Appeals, Nos. 214, 249 and 250, March T., 1962, from orders of Court of Common Pleas of Allegheny County, Oct. T., 1957, No. 479, in case of Francis L. Gregorius v. Safeway Steel Scaffolds Company of Pittsburgh and Harry M. Weber, individually and trading and doing business as Weber Painting Company. Orders affirmed.
P. J. McArdle, and with him Frank J. Kernan, for plaintiff.
Hamilton A. Robinson, with him Dickie, McCamey, Chilcote & Robinson, for corporate defendant.
Wallace E. Edgecombe, with him Royston, Robb, Leonard, Edgecombe & Miller, for individual defendant.
Before Bell, C.j., Musmanno, Jones, Cohen, Eagen, O'brien and Keim, JJ.

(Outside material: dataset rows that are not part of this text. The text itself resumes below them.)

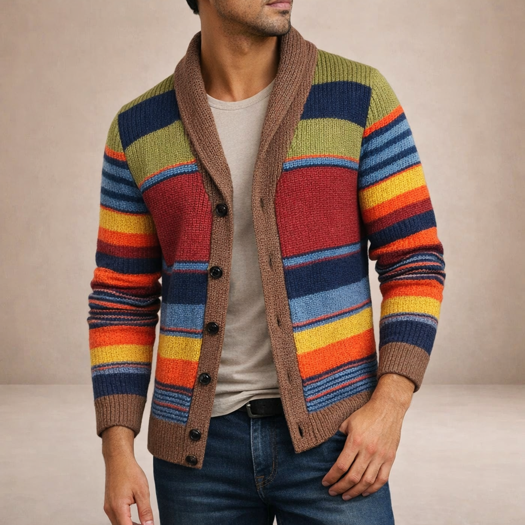 Men’s Multicolour Striped Knit Cardigan
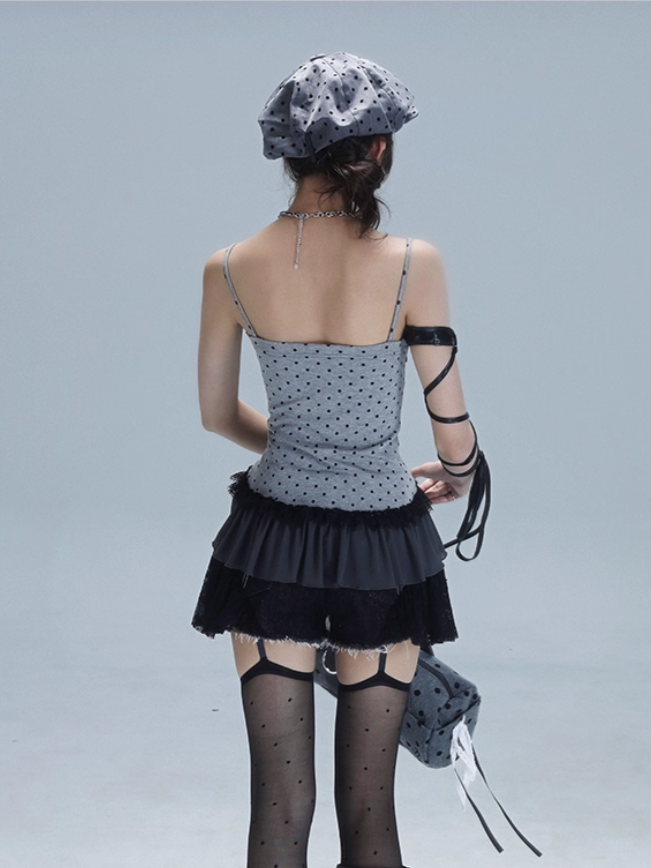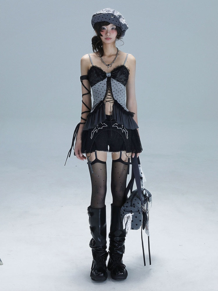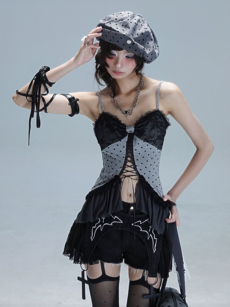 Gray Cami Top with Black Polka Dots: Featuring a center slit adorned with black crisscross lacing, this top boasts a chic hemline of black lace and ruffled fabric. The bust area is elegantly detailed with black lace cutouts forming a bow-like design, complemented by a black lace-trimmed neckline. Perfect for a Yaya-inspired look.
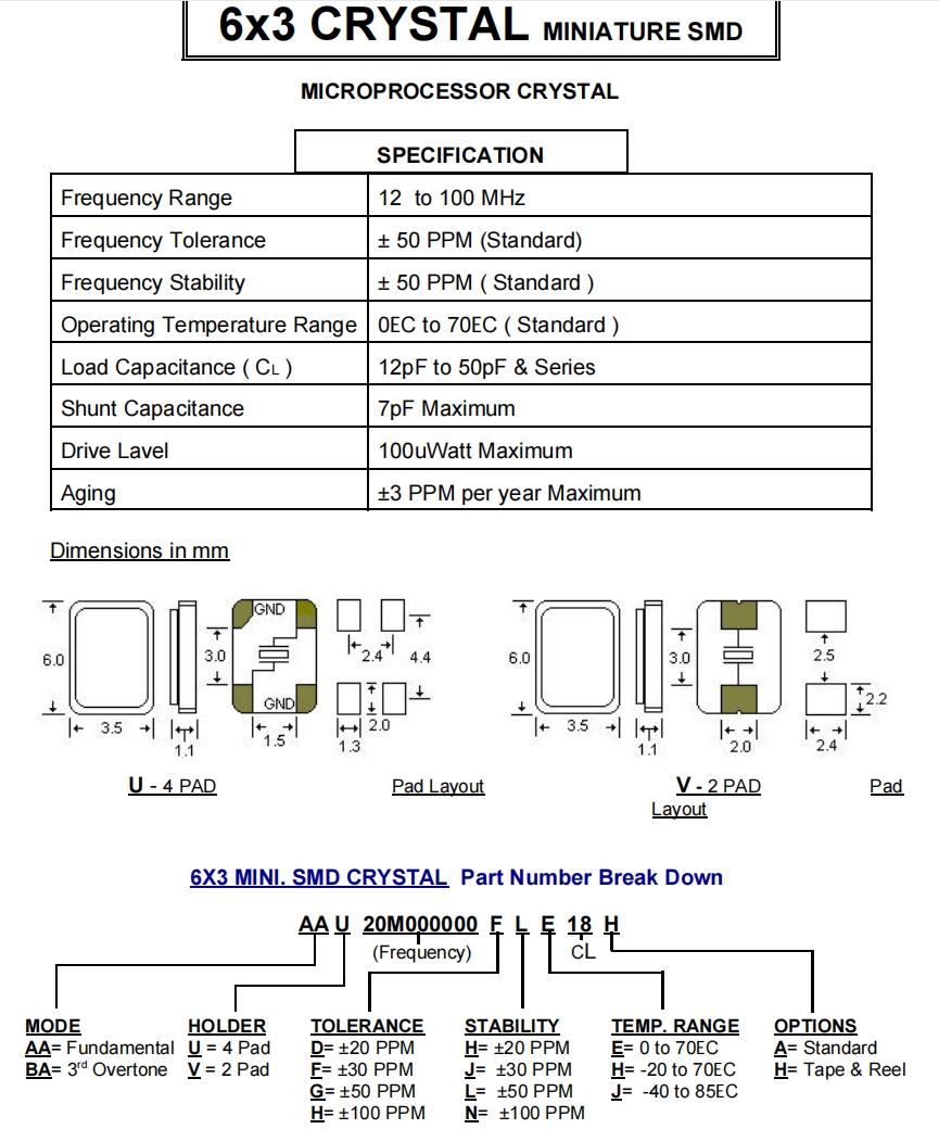 STD四腳貼片晶振\醫療設備6G晶振\AAU60M000000FHE18H 參數表
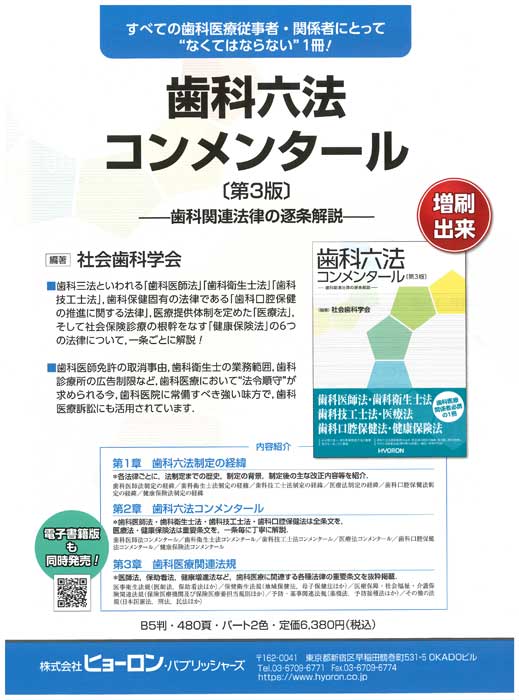 歯科三法といわれる「歯科医師法」「歯科衛生士法」「歯科技工士法」,歯科保健固有の法律である「歯科口腔保健の推進に関する法律」,医療提供体制を定めた「医療法」,そして社会保険診療の根幹をなす「健康保険法」の6つの法律について,最新の法改正に対応し,一条ごとに解説!

OPINION BY MR. JUSTICE EAGEN
The plaintiff was seriously injured in the course of his employment through the use of defective equipment furnished his employer by a third party. He instituted this action for damages against the supplier of the equipment. The latter joined plaintiff's employer as an additional defendant. At trial, the jury awarded plaintiff a substantial verdict against the original defendant. The additional defendant was exonerated by the jury. Post trial, the court below directed a new trial between the plaintiff and the original defendant, limited to the question of damages. From this order, the plaintiff appeals. The original defendant appeals from the orders of the court denying judgment in its favor notwithstanding the verdict and refusing to direct that the additional defendant be a party to the second trial.
The factual background of the accident may be capsuled thusly:
The plaintiff is a painter by trade and was directed by his employer, Harry Weber, the additional defendant, to assist in painting the interior of a church for which Weber had the contract. The scaffolding equipment was furnished and erected by the original defendant, Safeway Steel Scaffolds Company of Pittsburgh, a corporation.

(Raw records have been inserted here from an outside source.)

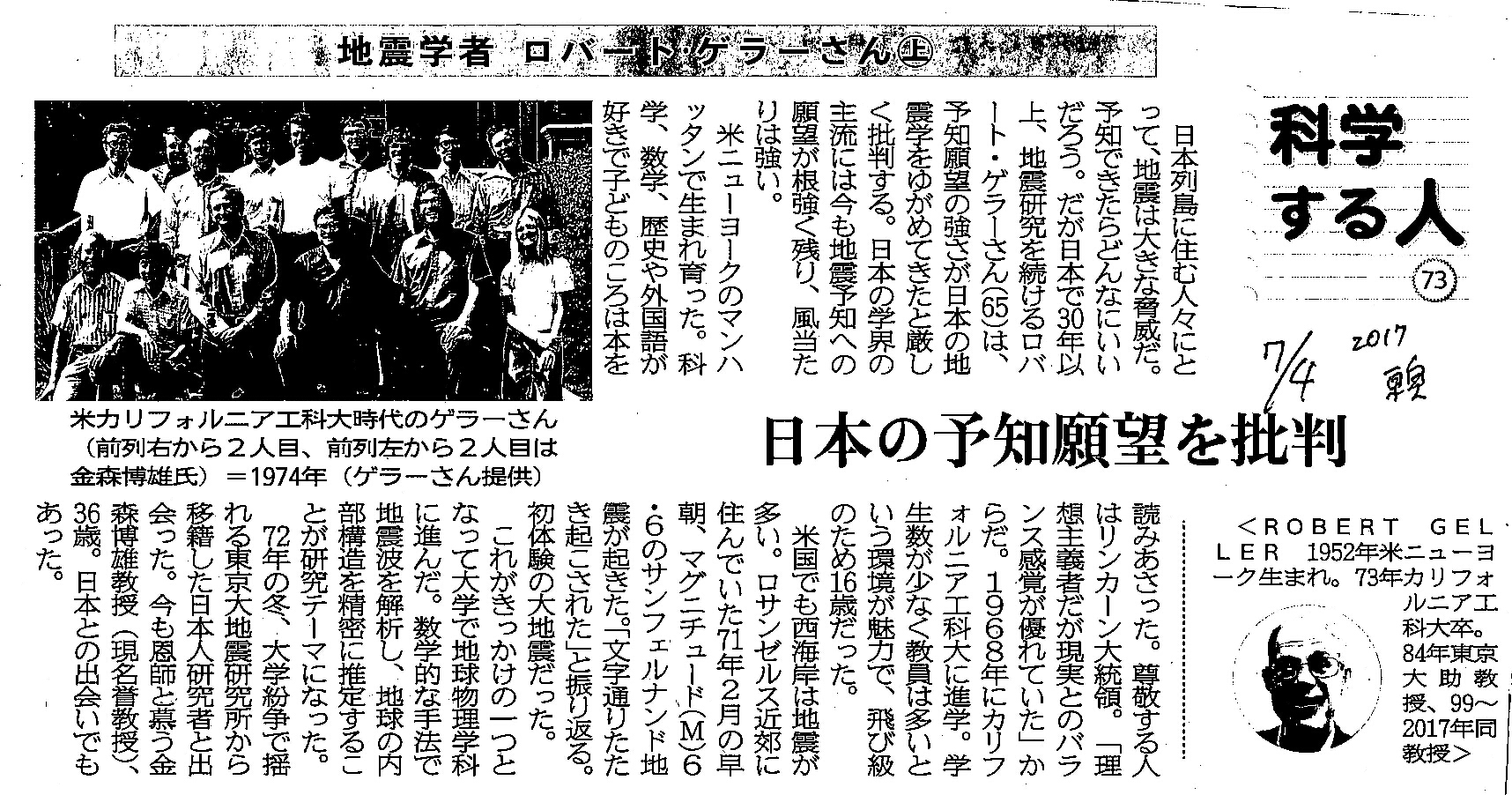 [2017_07_04_04]科学する人73 地震学者ロバート・ゲラーさん(上) 日本の予知願望を批判(東奥日報2017年7月4日)
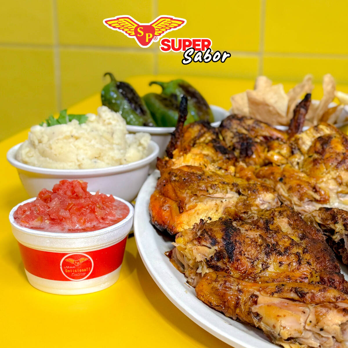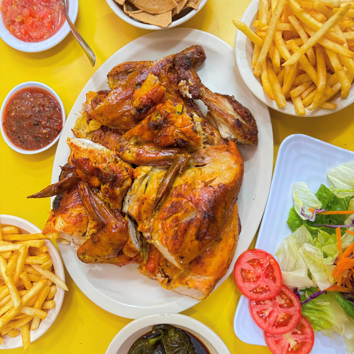 Pollo entero, acompañado de salsa, tortillas, papas fritas.
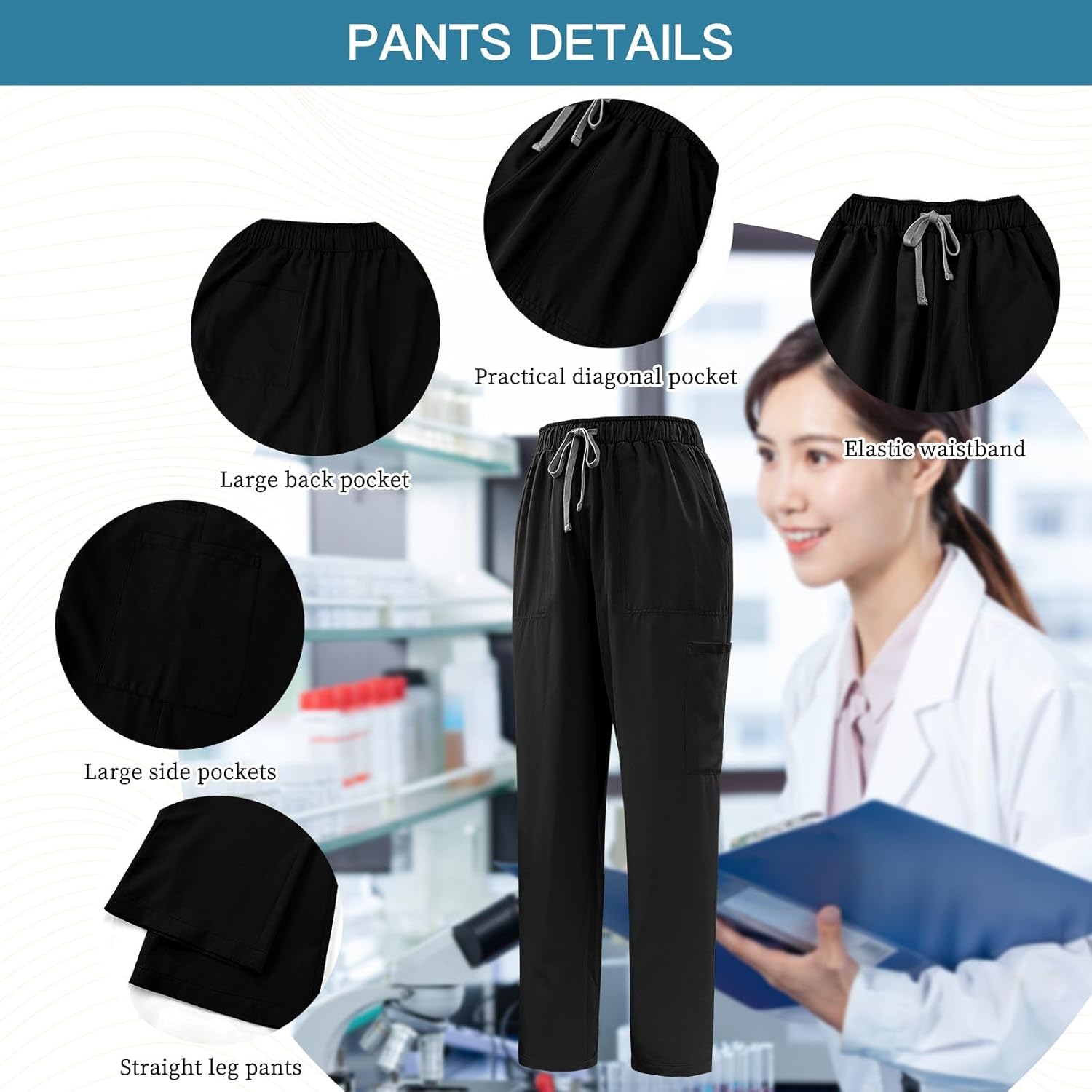 The included pants feature an adjustable Drawstring Scrub Pants design. The waistband adapts comfortably to varying waistlines while maintaining stability throughout active movement.

The equipment consisted, in part, of towers extending into the air, approximately 37 feet from the floor. These were connected by walkways, consisting of two "picks" running from one tower to another. Each "pick" was 22 feet long, 1 foot wide, made of wood with slats as the walking surface, supported by rungs underneath which doweled into the side rails. Each side rail was reinforced with a steel rod running lengthwise.
The domed contour of the walls and ceiling of the church was such, that it was impossible to reach and paint every portion thereof from the deck or platform of the towers or the walking surface of the "picks." The position of the congregational pews on the floor of the church rendered it impossible to move the towers.
In order to reach one of these difficult or inaccessible portions of the church interior, the plaintiff and a fellow employee moved a "pick" onto the deck of the tower and projected it out approximately 4 to 5 feet in the direction where the work had to be done. It was then securely tied down to the steel framework of the tower on the work side, while plaintiff's fellow employee sat on the "pick" at the opposite side of the tower in order to hold the "pick" firm. At this juncture, the 22 foot "pick" projected out 4 or 5 feet on the side where plaintiff was working, with 7 feet of its length supported by the tower itself and with 10 feet
extending out on the opposite side of the tower. When the plaintiff stepped out 2 or 3 feet on the projected portion of the "pick" to paint, it suddenly snapped off and he was plummeted with great force to the floor and pews beneath. He suffered painful and very serious permanent injuries.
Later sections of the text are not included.